Personal life
- Born: c. 2nd century AH
- Died: 231 AH (845/846CE) CE Baghdad, Abbasid Caliphate
- Era: Abbasid Caliphate
- Main interest(s): Fiqh, Hadith
- Notable idea(s): Opposition to the doctrine of the created Qur’an

Religious life
- Religion: Islam
- Denomination: Sunni
- Jurisprudence: Shafi'i

Muslim leader
- Influenced by Al-Shafi'i;
- Influenced Al-Muzani, Al-Rabi' al-Muradi;

= Al-Buwayti =

Islamic jurist and hadith scholar

Abū Yaʿqūb Yūsuf ibn Yaḥyā al-Buwayṭī (d. 231 AH/846 CE) was an Egyptian Islamic jurist, traditionist, and leading early authority of the Shafi'i school. He was among the closest companions and principal transmitters of Imam al-Shafi‘i and succeeded him as the head of his teaching circle in Egypt after his death.

He is regarded by Shafi‘i scholars as one of the earliest systematizers and transmitters of the school’s doctrine and legal methodology.

==Life==

Al-Buwayti was born in Egypt and belonged to the tribe of Buwayt, from which his nisbah derives. He became a devoted disciple of Imam al-Shafi‘i after the latter settled in Egypt and studied with him until Shafi‘i’s death in 204 AH.

Due to his knowledge, reliability, and close association with Shafi‘i, he was appointed to lead the teaching sessions of the Shafi‘i school in Egypt.

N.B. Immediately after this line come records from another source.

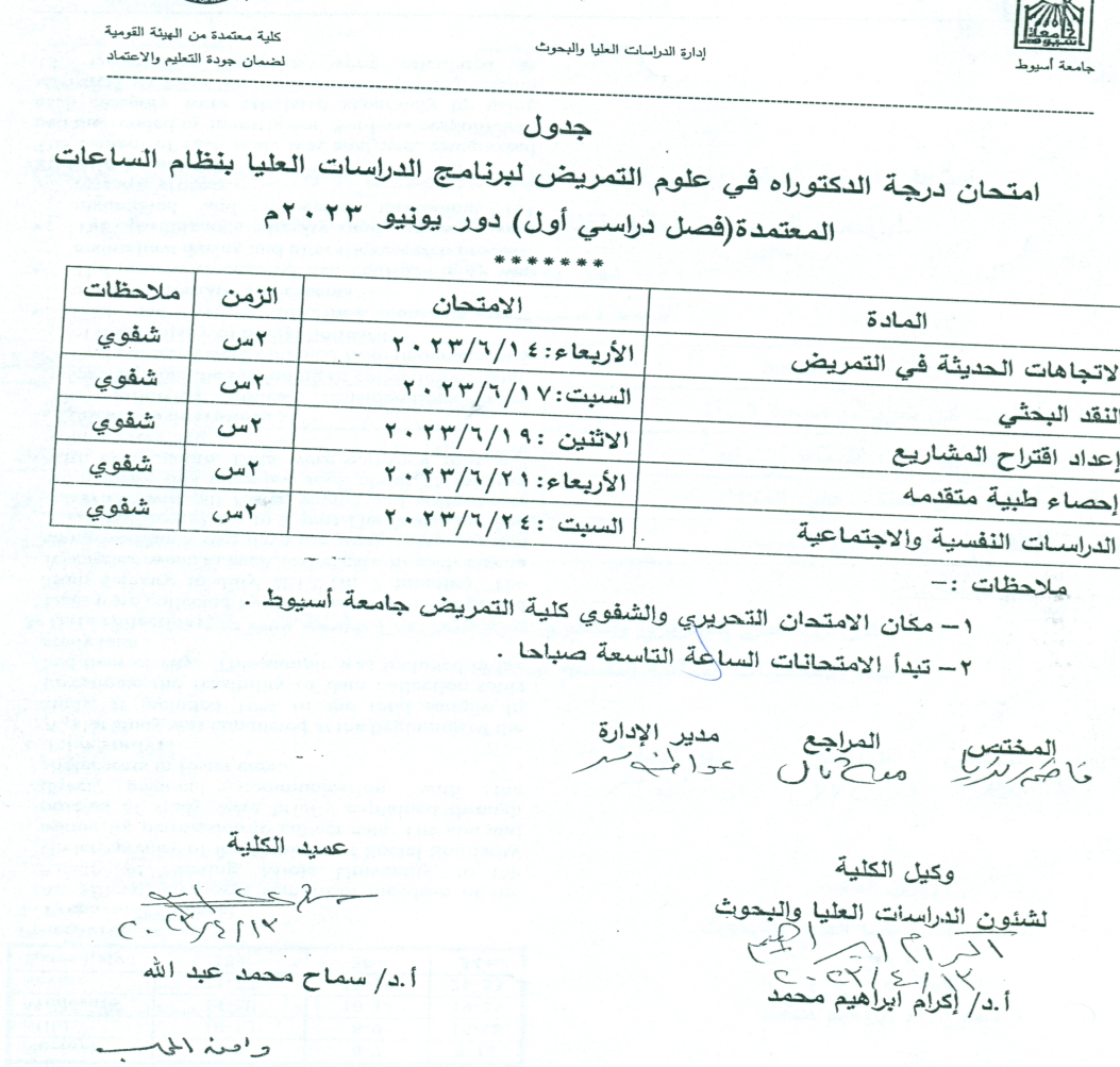 Doctoral degree exam schedule in nursing sciences for the postgraduate program with the credit hour system (first semester) June 2023 session 31 May 2023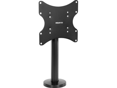 The Mount-It! bolt-down stand is made of heavy-duty steel for strength and stability. Perfect for either flat or curved screens, and the swivel feature allows you to find the perfect viewing angle. Keep kids and pets safe from knocking over your TV by securely mounting it to your dresser, desk, or other hard surfaces with the included hardware. The double-lock system provides stability for your screen, and the mount can hold larger TVs up to 110 lbs. Cable management system hides unwanted cords.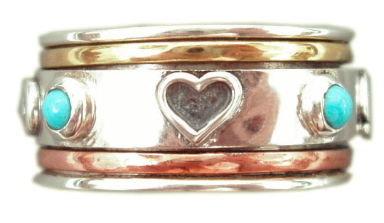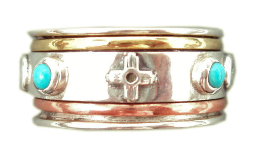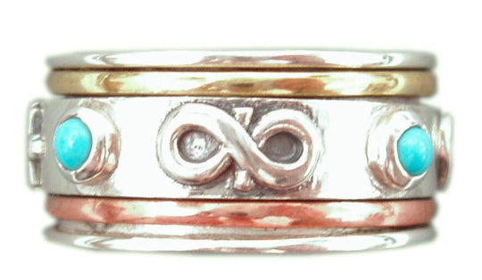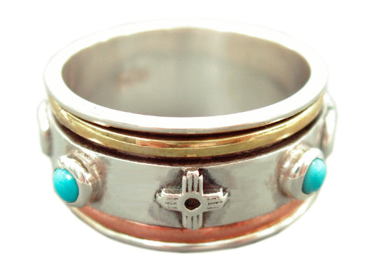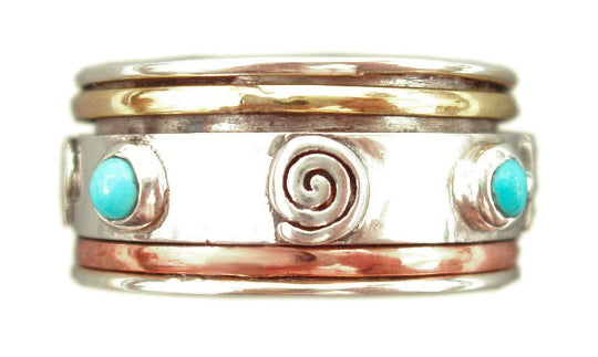 ZIA 925 Silver Fidget Spinner Ring Celebrate Different Cultures Turquoise Stone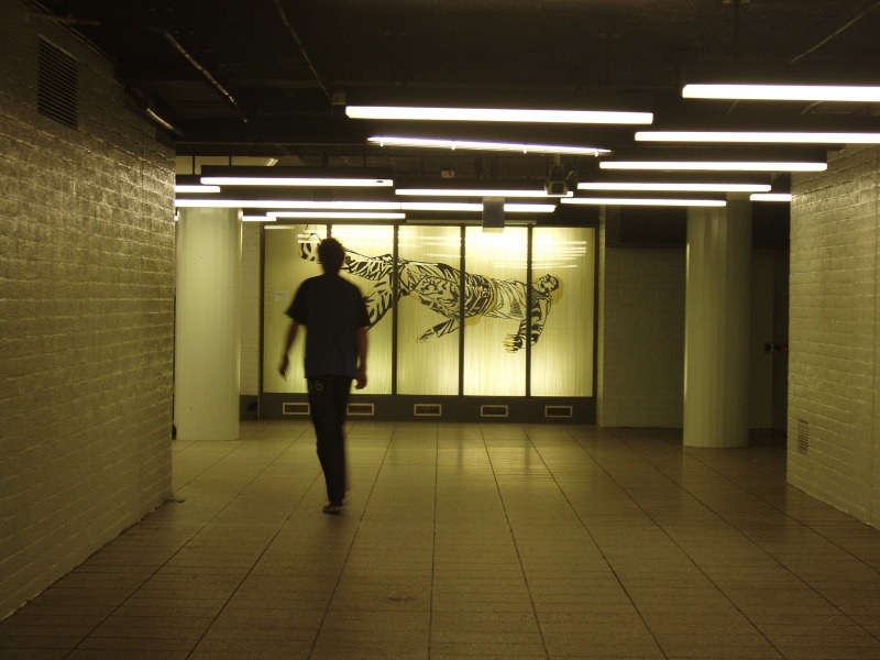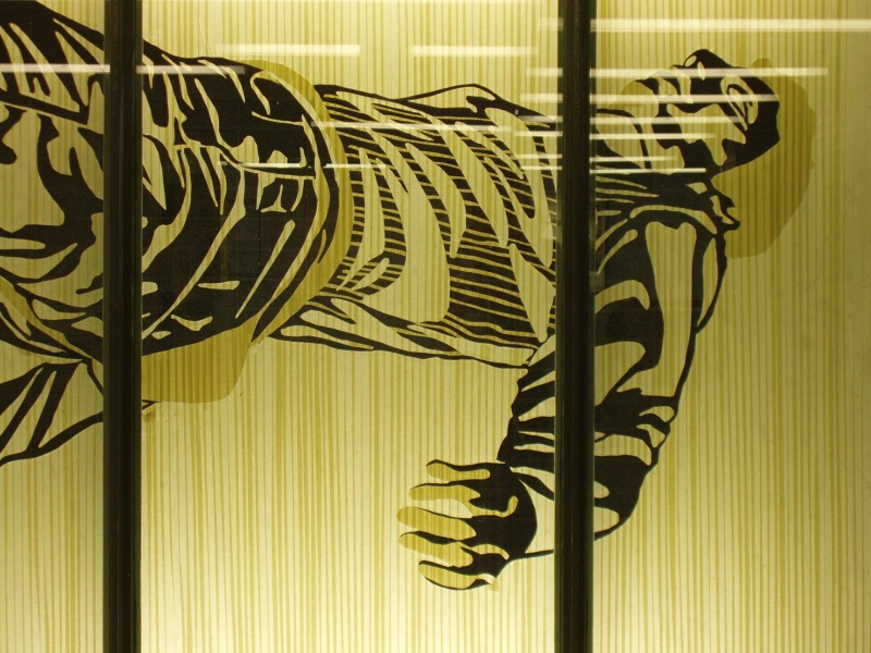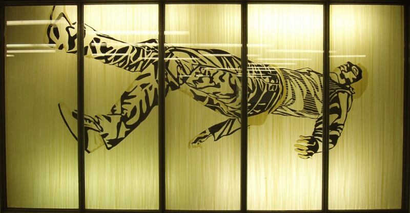Site-specific tape-installatie gemaakt in de etalagegalerie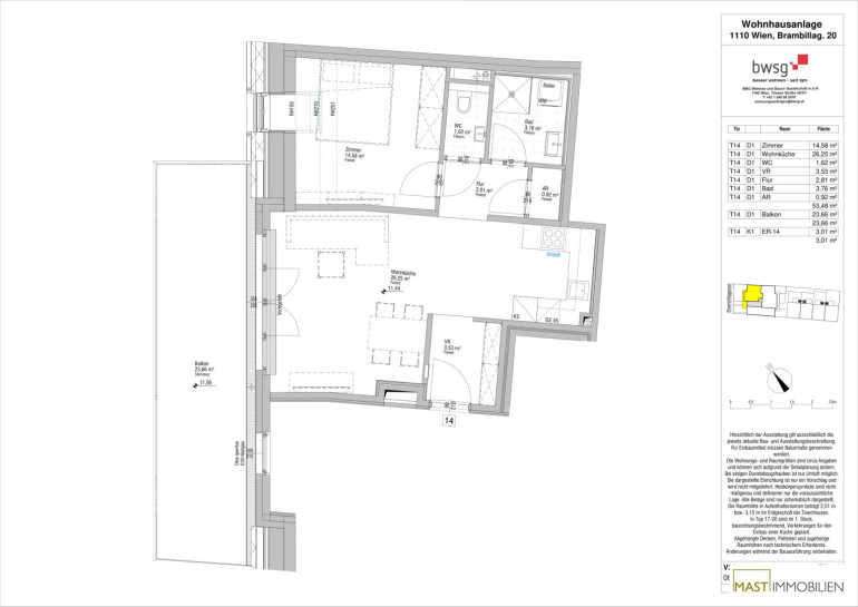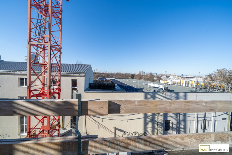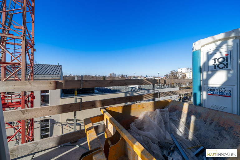 Die Wohnung befindet sich im 4. Liftstock (1. Dachgeschoss) und verfĂĽgt ĂĽber 53,48 m² Wohnfläche + einen 23,66 m²  groĂźen Balkon.Â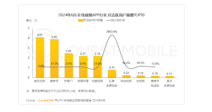 开源方面,先看用户增长。二季度B站月活用户3.36亿人,同比微增3.7%,用户体量基本已经接近天花板。不过这也不是B站一家的问题,从Questmobile发布的《2024年中国移动互联网半年报告》来看,包括腾讯在内的多个长视频平台中,除了爆火的免费短剧应用以及受奥运会带动的咪咕视频、央视频之外,B站已经是少数还在保持整体用户规模正增长的了。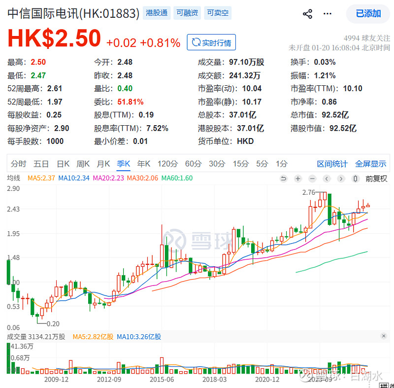 公司的其它业务包括漫游、对公司电讯服务、对三大供应商的增值服务等,我都不是太理解,有点技术难度,所以学习了解这个公司的过程中有些心理障碍。这个公司的股息率是最高的,但是从确定性上看,我更倾向于国内的三大运营商,看得见、摸得着、更大更稳。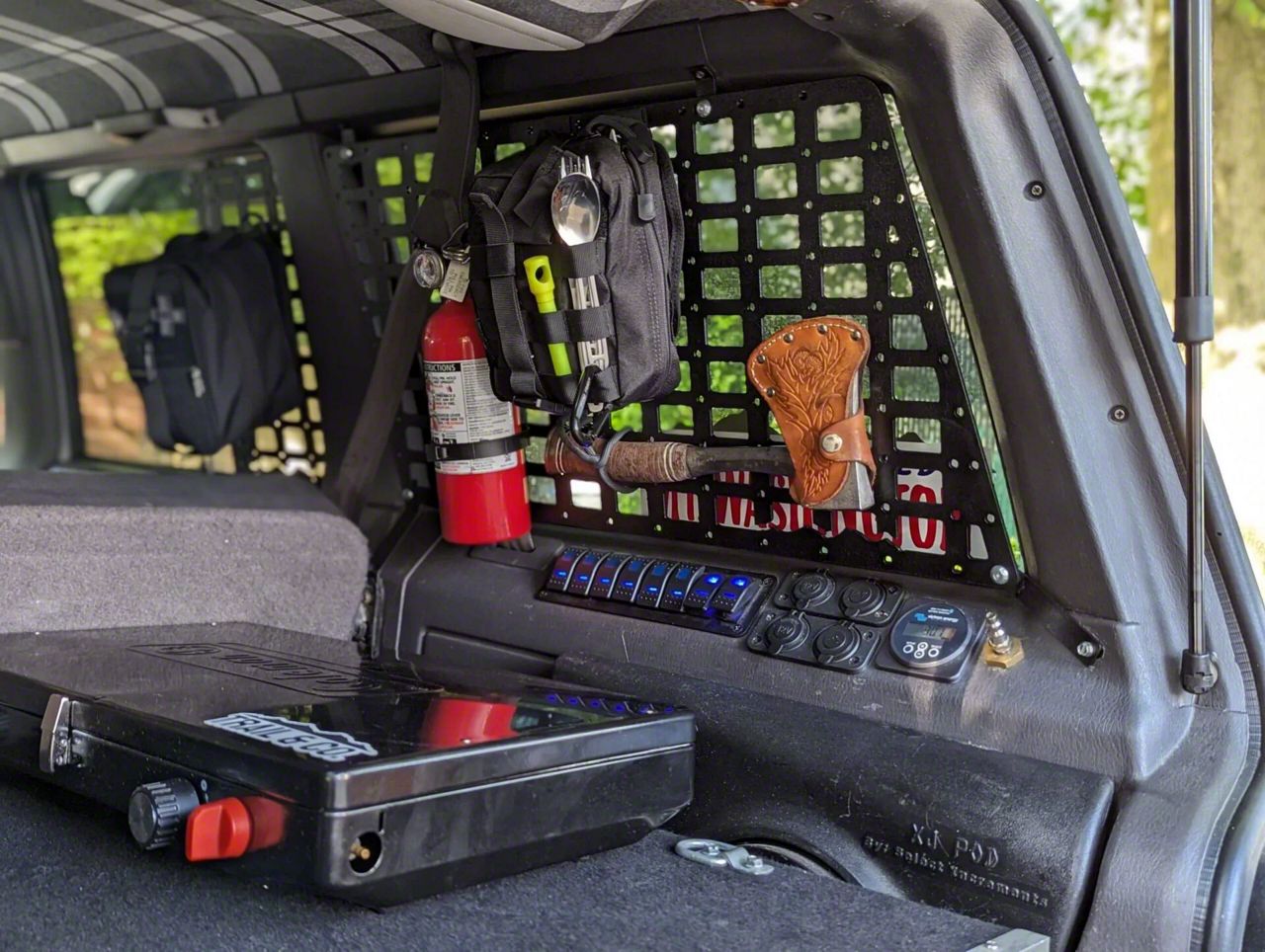 Maximizes Storage. Transform the functionality of your Jeep Cherokee XJ 4-Door with the Trail & Co Trunk Window MOLLE Panel. This innovative accessory is designed to maximize the storage capacity of your vehicle, allowing for efficient organization and quick access to your gear.

Many students sought knowledge from him, and he played a central role in transmitting Shafi‘i’s legal doctrine to later generations.

==Mihna and imprisonment==

During the Abbasid inquisition (Mihna) under Caliph Al-Wathiq (and begun earlier under Al-Ma'mun), scholars were required to affirm that the Qur’an was created. Al-Buwayti refused to accept this doctrine and openly upheld the traditionalist position that the Qur’an is uncreated.

Because of this refusal, he was arrested, chained, and transported from Egypt to Baghdad. He remained imprisoned and reportedly continued teaching fellow prisoners and worshipping despite harsh conditions until he died in prison in 231 AH.

==Works==

Although fewer writings survive compared with later jurists, several works are attributed to him, including:

Mukhtasar al-Buwayti – an early summary of Shafi‘i jurisprudence
Kitab al-Salat
Kitab al-Siyam
Kitab al-Shurut
legal responsa and transmitted opinions of al-Shafi‘i
These writings and transmissions helped preserve early formulations of Shafi‘i doctrine before the later systematizations of scholars such as Al-Juwayni and Al-Ghazali.

==Students==

Among those who studied under him were:

Al-Muzani – later leading Shafi‘i jurist and author of Mukhtasar al-Muzani
Al-Rabi' al-Muradi – major transmitter of Shafi‘i’s works
Uthman ibn Sa'id al-Darimi
Egyptian students who carried the school’s teachings throughout the region

==Legacy==

Within the Shafi‘i tradition, al-Buwayti is considered one of the earliest pillars of the school after its founder. His steadfastness during the Mihna is frequently cited in biographical literature as an example of scholarly integrity and adherence to doctrine under political pressure.